Basics of the New Employee Onboarding Process Every First-Time Manager Should Consider
Imagine you are going on a trip. You arrive at the airport, but there are no signposts and no one to ask. The place might be full of opportunity, but it leaves you clueless and confused.
This is, to me, like a new employee onboarding process that is either poorly designed or non-existent. What do you think this leaves your new starter feeling like?
According to studies, only 12% of new starters are satisfied with their new company onboarding. That leaves a lot to be desired. The worst thing I have personally seen was a manager unaware that his new employee was starting that day and had no equipment or induction. So much about first impressions.
There might be the impression that the new employee onboarding process is the sole responsibility of HR. I'm afraid I must disagree with that. HR will take care of contracts and company processes. That's it.
My desire as a manager is to get my new employee productive as soon as possible. Leaving them clueless and unprepared doesn't do that.
Here are my new employee onboarding process considerations to help you on your journey as a first-time manager.
New Employee Onboarding Process: A Timeline
Before the new starter’s first day
Here is the kicker, good onboarding of new employees starts with a clear job description in the hiring process. Yes, it is a separate process but imagine your new starter arrives on their first day and their expectations of responsibilities are not met. I have seen that happen, which is profoundly demotivating and confusing.
One month before the start date
Get in touch with HR and IT and ask what needs to be arranged by the manager. Equipment, access to facilities, and system access are what you should be thinking about. Also, is there a formal probation process, and what are the submissions necessary for you to do?
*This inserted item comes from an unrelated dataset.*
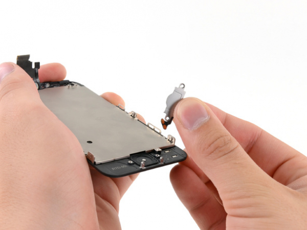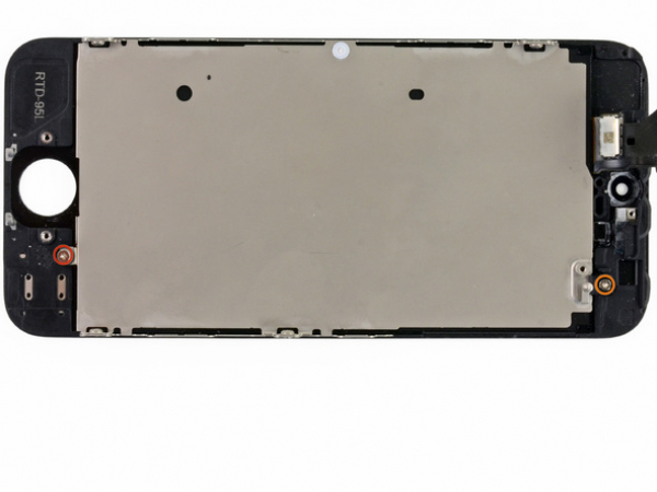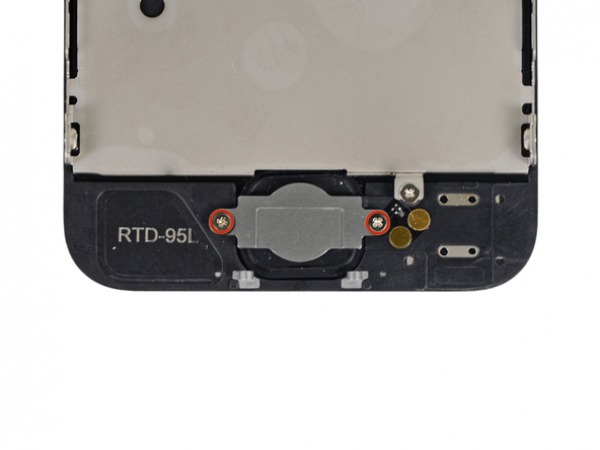 Verwijder de twee 1,3 mm Phillips schroeven waarmee de home-knop beugel aan het beeldscherm vast zit.

Please start thinking about what the new starter should do in their first week, the first month, and during the probation process. Write a plan that will be shared with the new starter. This will be a big help to your new employee to understand what is expected of them.
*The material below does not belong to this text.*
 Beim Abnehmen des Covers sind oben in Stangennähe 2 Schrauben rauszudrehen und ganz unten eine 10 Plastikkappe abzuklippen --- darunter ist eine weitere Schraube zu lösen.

1-2 weeks before the start date
Follow up at least once between the signed contract and the first day with a personalized email and the offer to clear up open questions in a phone call. It shows that you care.
A week before the start date, I strongly recommend asking the new starter if they received instructions for their first day. I have been in a situation where the HR process changed without notice, and the hiring manager was made responsible for making arrangements for the arrival on the first day. Glad I had checked in with my new starter.
This is my favorite tip. Write a checklist for the probation period with tasks to complete for you as the hiring manager. This should be for essential duties the week before the start date, the first day, the first week, and the first month. You will be surprised how many things need doing, including essential work-related items, up to trivial things like how the canteen works.
On the day
Even if induction is handled by HR, take the time to meet and greet your new hire on arrival.
Arrange lunch with the team, or at least a welcome video call in our new world of working.
Ensure the new starter’s equipment is ready to use and help them with the initial IT setup. Ensure the new starter has access to all critical IT systems, including email!
Take time to talk the new starter through the probation plan and objectives. Share a copy with them. Explain how the probation will be evaluated and how problems will be addressed.
Hand the new starter a list of important contacts and shortcuts to company sites they will use often. It would be even better if you had a team manual.
The first month
Start every day with a 15min check-in. This allows the new starter to ask questions, and you can help them to set objectives and plans for the day.
I strongly suggest you be physically present with the new starter by sitting next to them in their first month. That will allow them to resolve problems immediately, which makes the transition into the new job smoother.
End of probation
Complete the probation and schedule regular 1:1s as with every other team member. Set annual goals in line with the company’s performance review process.